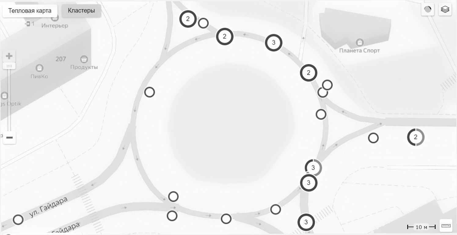 Рисунок 7. Местоположение происшествий с пострадавшими (светло-серые) и без пострадавших (чёрные) на пересечении Гайдара-Челнокова за период с 2020 по 2022 гг.
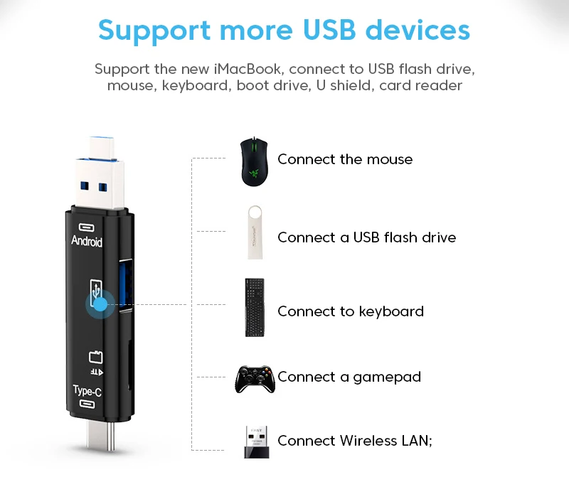 Funciones del producto: USB2.0 macho+MICRO macho+Tipo C macho, tarjeta de memoria TF de lectura de alta velocidad, interfaz USB hembra, teclado externo, mouse, disco U, escudo U, mango de juego y otros dispositivos USB.
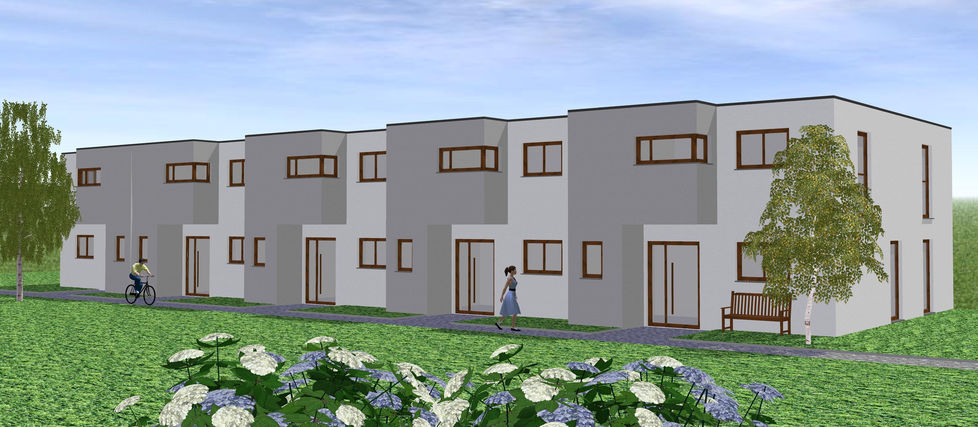 Reihenhäuser, 2 gesch. Bauweise, begrüntes Flachdach, weiße Putzfassade. An der Vorderseite des Hauses werden Teilflächen mit grauer Putzfassade versehen.
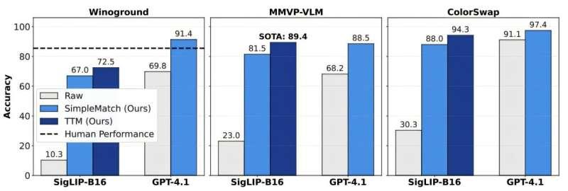 在其中一项名为 MMVP-VLM 的基准测试中,TTM 将 SigLIP-B16 的表现提升到 89.4%,成绩超过了 GPT-4.1。
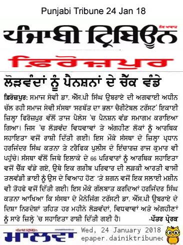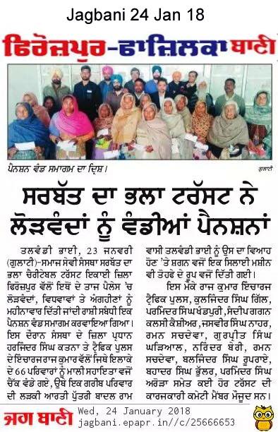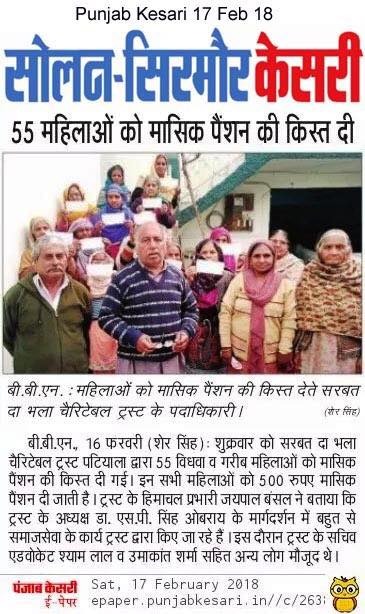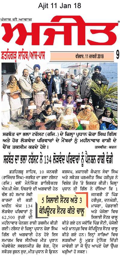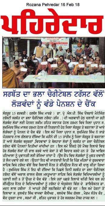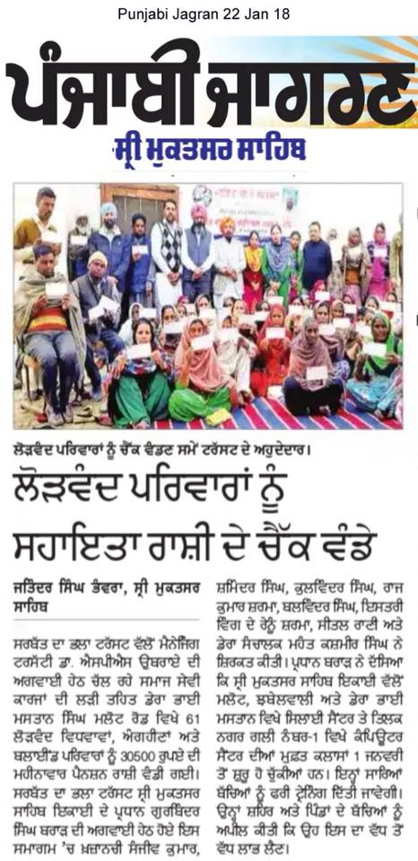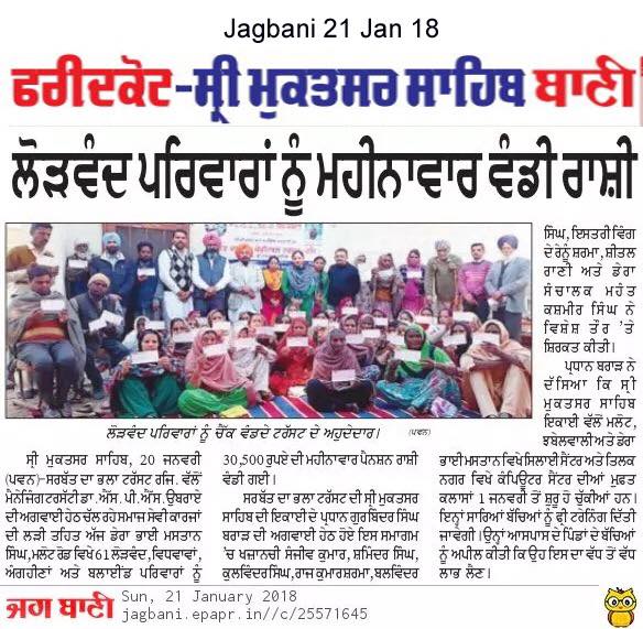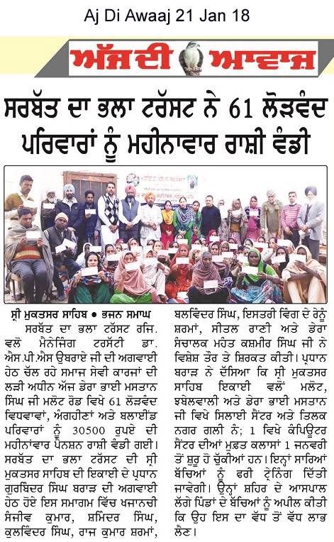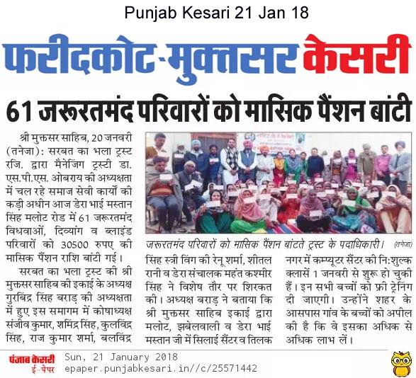 SDBCT team members Sri Muktsar Sahib handed over the monthly Pension cheques to needy people
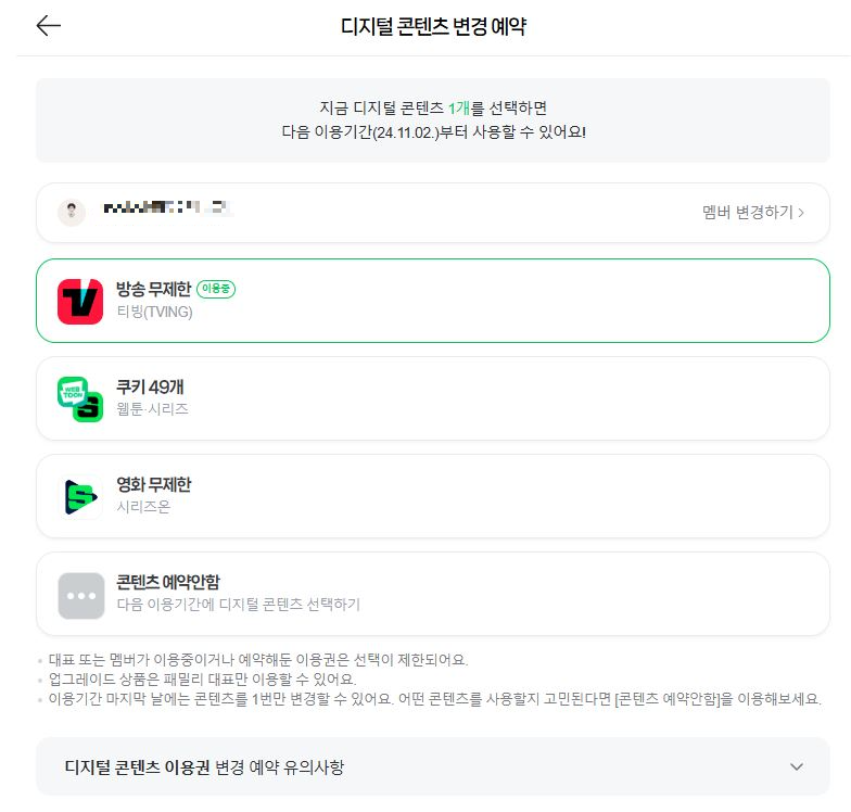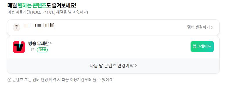 지금은 멤버십을 통해 티빙을 이용하는데 저는 11월에 넷플릭스 나오면 넷플릭스로 변경 예정
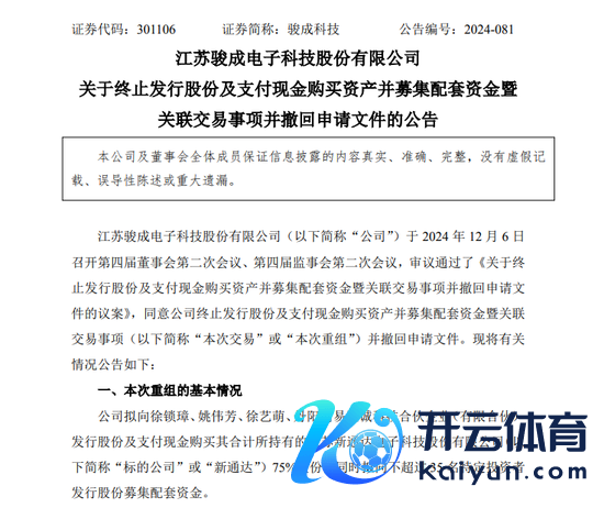 12月6日晚间,骏成科技(301106)公告称,公司原拟向徐锁璋、姚伟芳、徐艺萌、丹阳精易至诚科技搭伙企业(有限搭伙)刊行股份及支付现款购买其缱绻所捏有的江苏新表露电子科技股份有限公司(简称“新表露”)75%股份,同期拟向不跳跃35名特定投资者刊行股份召募配套资金。
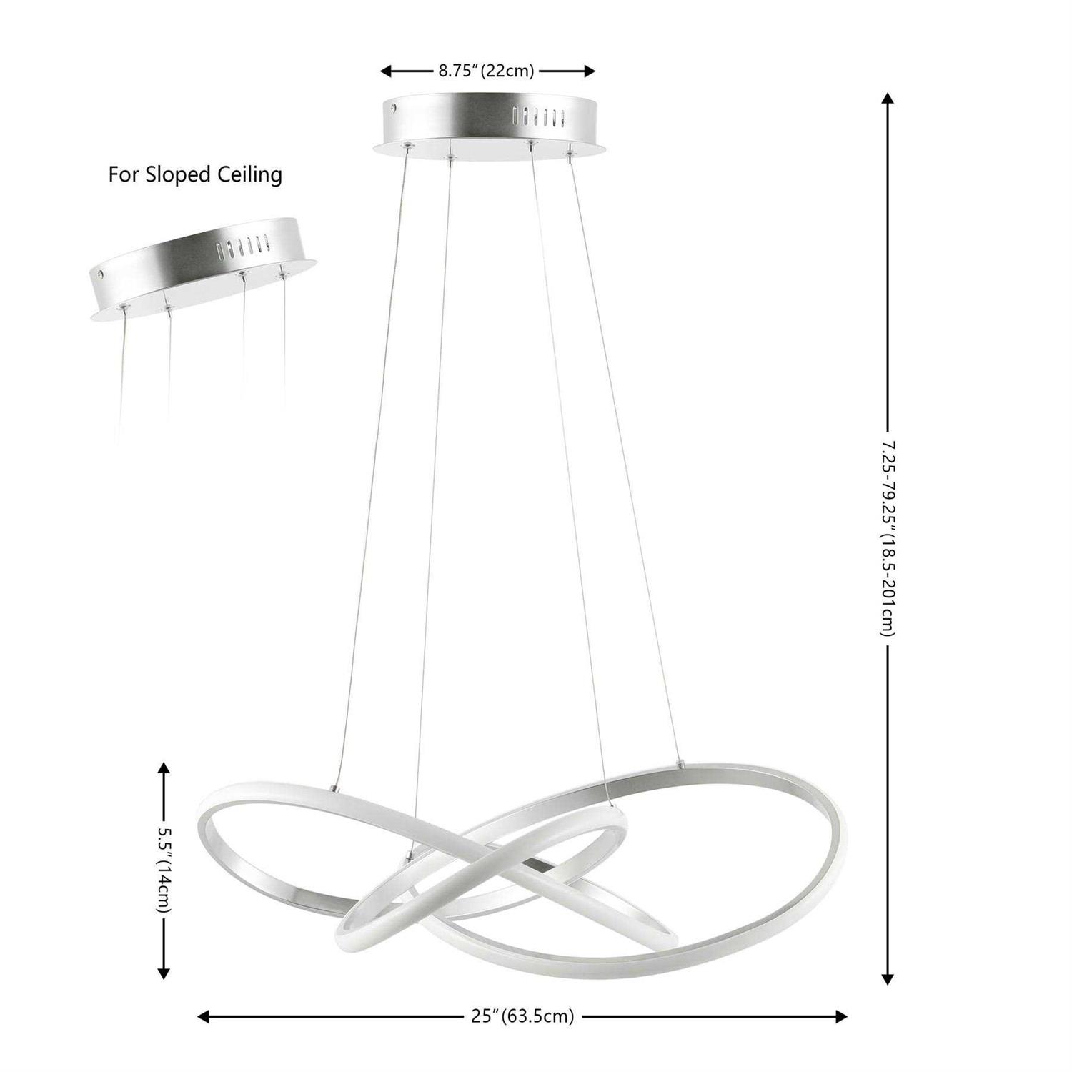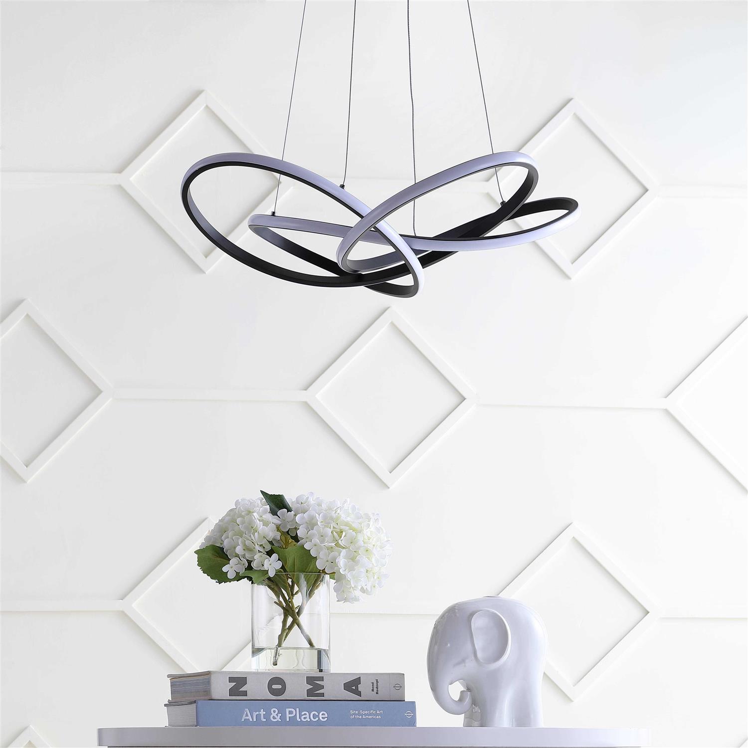 Intertwined curves of LED lights emitting from black iron create a look that is soft and elegant from materials traditionally known for their industrial strength. At 25 inch in diameter, it is stunning over a wood dining table, or incorporated as a way to soften industrial decor. With 36 watts of integrated LED lights, it is bright enough for a kitchen, but elegant enough for a living room, making it a versatile selection for anywhere in the home.
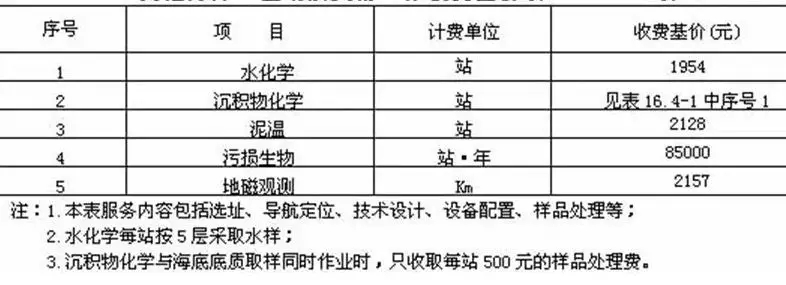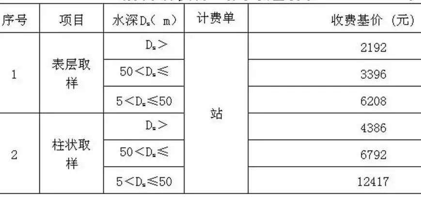 在《工程勘察收費標準》里,除了看2.3節(jié)里的“水域測量”部分外,還需要關(guān)注第16部分的“海洋工程勘察”部分,該部分對多波束海底地形測量,海底面狀況掃側(cè),底質(zhì)取樣,氣象、潮位、波浪觀測,海流、鹽度、泥沙觀測,海洋工程地質(zhì)鉆探,海底地層測量,及其他海洋工程勘察項目,等等都作出了勘察收費依據(jù)。這里,海底面狀況掃側(cè)是指掃海測量,海底地層測量可以對應(yīng)淺地層剖面測量。而海底地層測量又細分聲學地層探測、單道地震探測及多道地質(zhì)探測三類。在其他海洋工程勘察項目部分中,地磁觀測可以與海洋磁力測量對應(yīng),另外還包括沉積物化學、污損生物、水化學等內(nèi)容。

---

# [Instructions for the task]
Pictures should not appear in the copy. Write out exactly the lines above from the first one through the line that contains "Reihenhäuser, 2 gesch.".

# [Expected output]
 Рисунок 7. Местоположение происшествий с пострадавшими (светло-серые) и без пострадавших (чёрные) на пересечении Гайдара-Челнокова за период с 2020 по 2022 гг.
 Funciones del producto: USB2.0 macho+MICRO macho+Tipo C macho, tarjeta de memoria TF de lectura de alta velocidad, interfaz USB hembra, teclado externo, mouse, disco U, escudo U, mango de juego y otros dispositivos USB.
 Reihenhäuser, 2 gesch. Bauweise, begrüntes Flachdach, weiße Putzfassade. An der Vorderseite des Hauses werden Teilflächen mit grauer Putzfassade versehen.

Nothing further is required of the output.